Der Kader trifft sich zwei Mal zum gemeinsamen Training auf der Euro-Strecke. Beim ersten Termin Anfang Mai wurden erstaunliche Ergebnisse erzielt, die Hoffnung machen. Am kommenden Sonnabend gehts mit dem zweiten Trainingswerfen weiter. Dabei werfen Jugendliche zusammen mit den Erwachsenen. Das ist wichtig für die Motivation des Nachwuchses. Bei der Jugend haben wir große Medaillenhoffnungen. Erstmalig gibt es dort auch eine Mannschaftswertung. Unsere Aussichten auf einen Platz ganz oben auf dem Treppchen sind gut. Neben dem offiziellen Training bereitet sich jeder individuell auf die EM vor.

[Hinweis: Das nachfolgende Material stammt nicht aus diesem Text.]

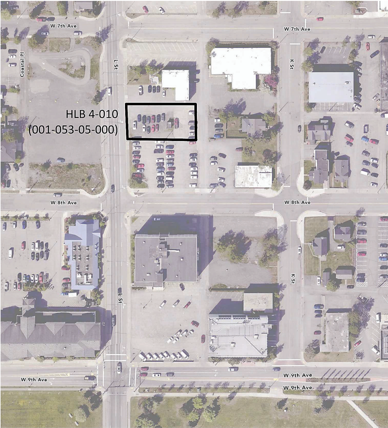
Appendix A – Vicinity Map
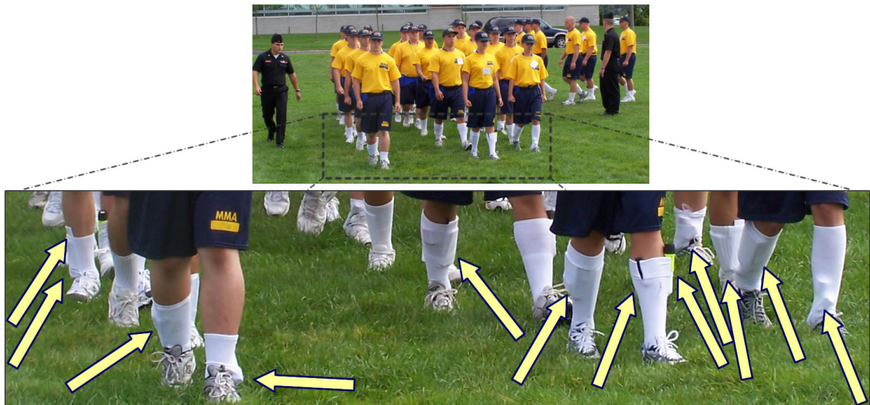
Examples of items carried in socks: Youngie Knowledge booklet, flashlight, pocketknife, lighter (for ropework), notepad, pen, etc.

In a word: "high." The socks are not a fashion statement -- they actually serve an essential carrying function. A picture is worth a thousand words (so here's 2,000 words worth – plus a few words!):
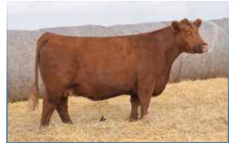
RACHEL - Dam of Lots 9-12

DUE TO CALVE 12/15/24 TO RED U2Q HEAD GAMES 14H (RAAA: 4614707).
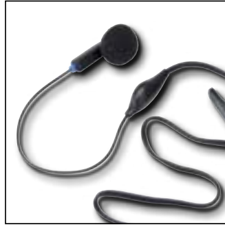
FTN6583 Bud Ear Piece with In-line Microphone and PTT
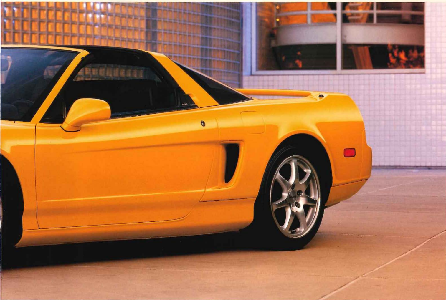
NSX-T shown in Spa Yellow Pearl
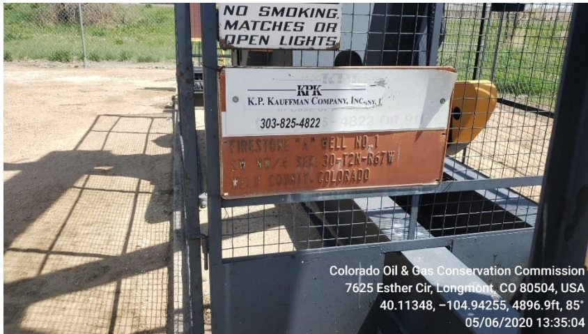
Photo 11 WH sign
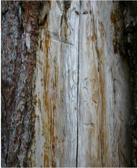
1862 merkkipuu Hiidenmaalta
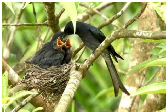
White bellied Drongo
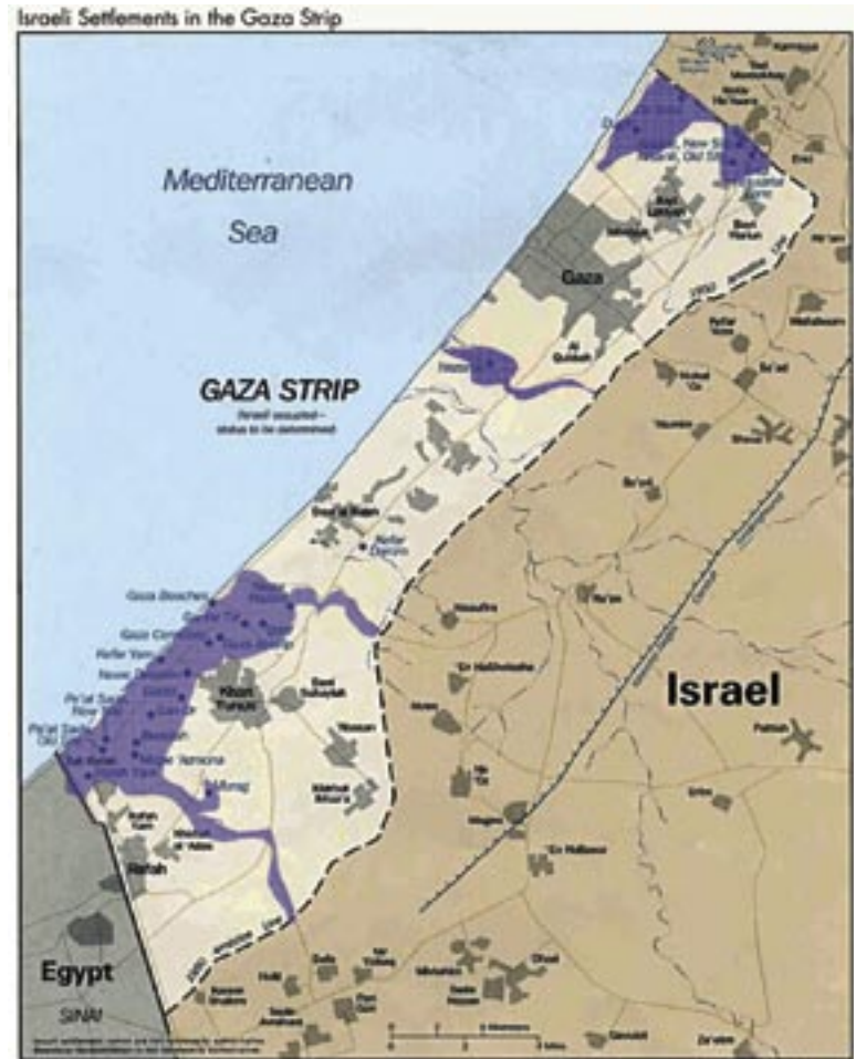
Ville et Habitat, Jean-Pierre Troche

The Gaza strip is a closed and fragmented territory as a result of the Israeli occupation: the areas controlled by Israeli colonists and the “security corridors” are shown in blue. No network that serves Palestinian areas is allowed to cross these areas.
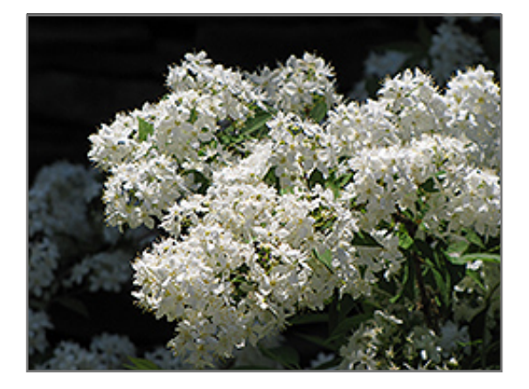
Compact Lemoine Deutzia flowers

Compact Lemoine Deutzia is recommended for the following landscape applications;
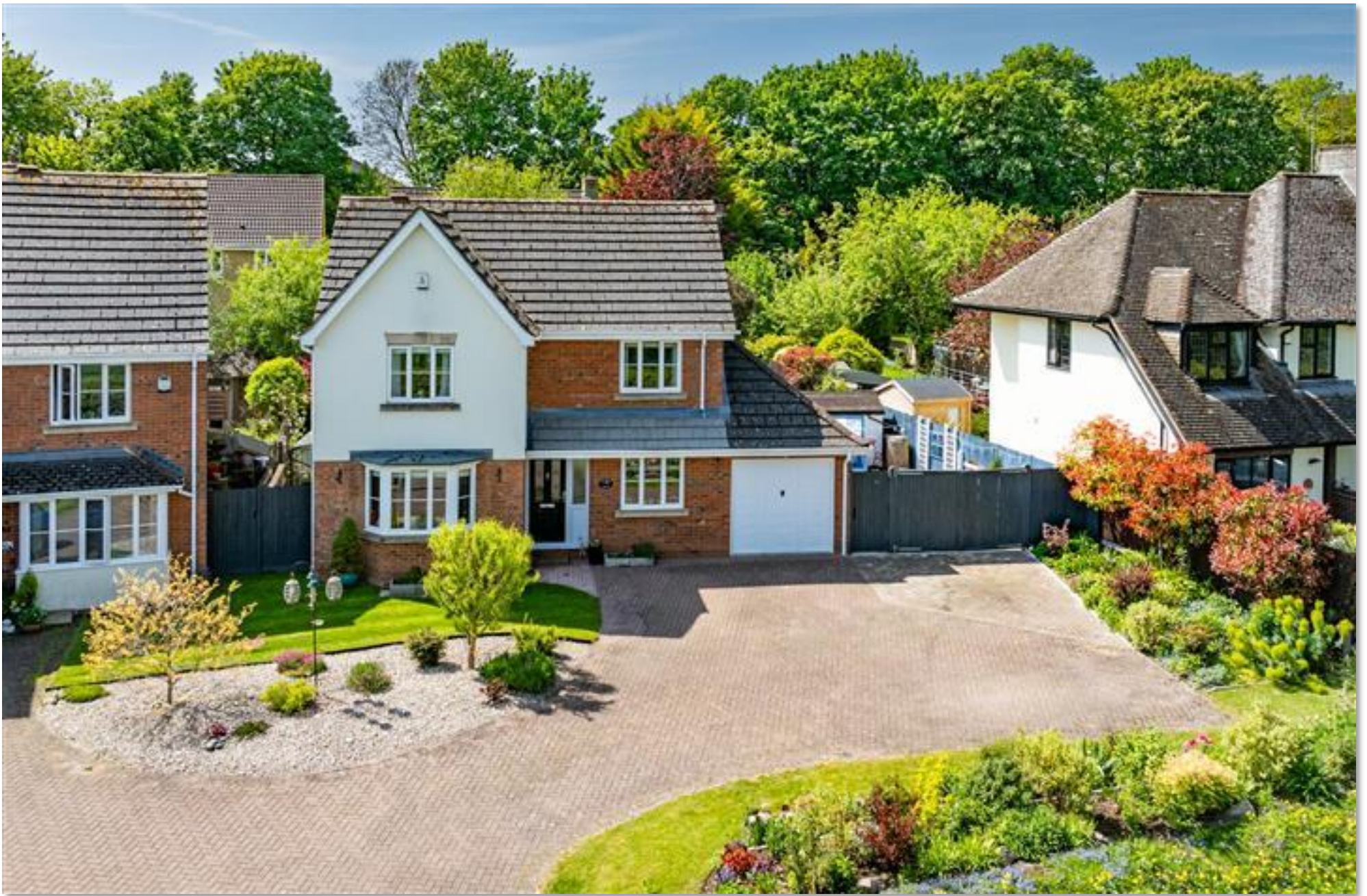
Vicarage Road, Pitstone Leighton Buzzard LU7 9EY

ON:    Wie sehen diese Maßnahmen aus?
Walter:  

Ich kenne viele Werfer, die regelmäßig nach Halsbek fahren, um dort zu trainieren. Sie prägen sich die Feinheiten auf der Strecke ein, um im Wettkampf immer die passende Antwort parat zu haben. Ebenso halten sich die Aktiven mit Jogging fit oder sie gehen ins Fitnessstudio, um Kraft und Ausdauer zu tanken.

ON:   

Welche Voraussetzungen müssen die Aktiven mitbringen, um im Wettkampf vor den vielen Zuschauern bestehen zu können?

Walter:  

Wichtig ist, dass sich jeder Einzelne locker und unverkrampft auf das Match einlassen kann. Das ist nicht einfach, weil Tausende von Zuschauern an der Strecke stehen. Diese Situation ist nicht mit dem Training oder dem Ranglistenwerfen vergleichbar. Und weil es eine Ausnahmesituation ist, haben wir im Vorfeld für die Teilnehmer mentale Trainingskurse veranstaltet. Eine Expertin, die üblicherweise Piloten in Stresssituation schult, hat uns in kleinen Gruppen informiert, wie man mit Wettkampfsituation vernünftig umgeht. Beispielsweise Tipps, wie man sich im Trubel konzentriert und sich nicht ablenken lässt.

ON:   

Die Qualifikation zur EM im Eisenboßeln zeigte, dass jeder aus dem Kader für einen Tagessieg in Frage kommt. Soll heißen, jeder kann auch Europameister werden.

Walter:  

Es stimmt, dass mehrere Werfer für den Titel in Frage kommen. Das haben auch die Ergebnisse in der Qualifikation gezeigt. Wer mental gut drauf ist und das nötige Quentchen Glück auf der rauen Straße mit den vielen Unebenheiten hat, kommt aufs Treppchen.

ON:   

Einzelmedaille oder Mannschaftstitel. Was hat Vorrang?

Walter:  

Das Ergebnis mit der Mannschaft muss stimmen. Das hat vor Vorrang. Denn, wenn es mit der Mannschaft insgesamt gut läuft, wird es auch Medaillen für einzelne FKV-Boßeler geben.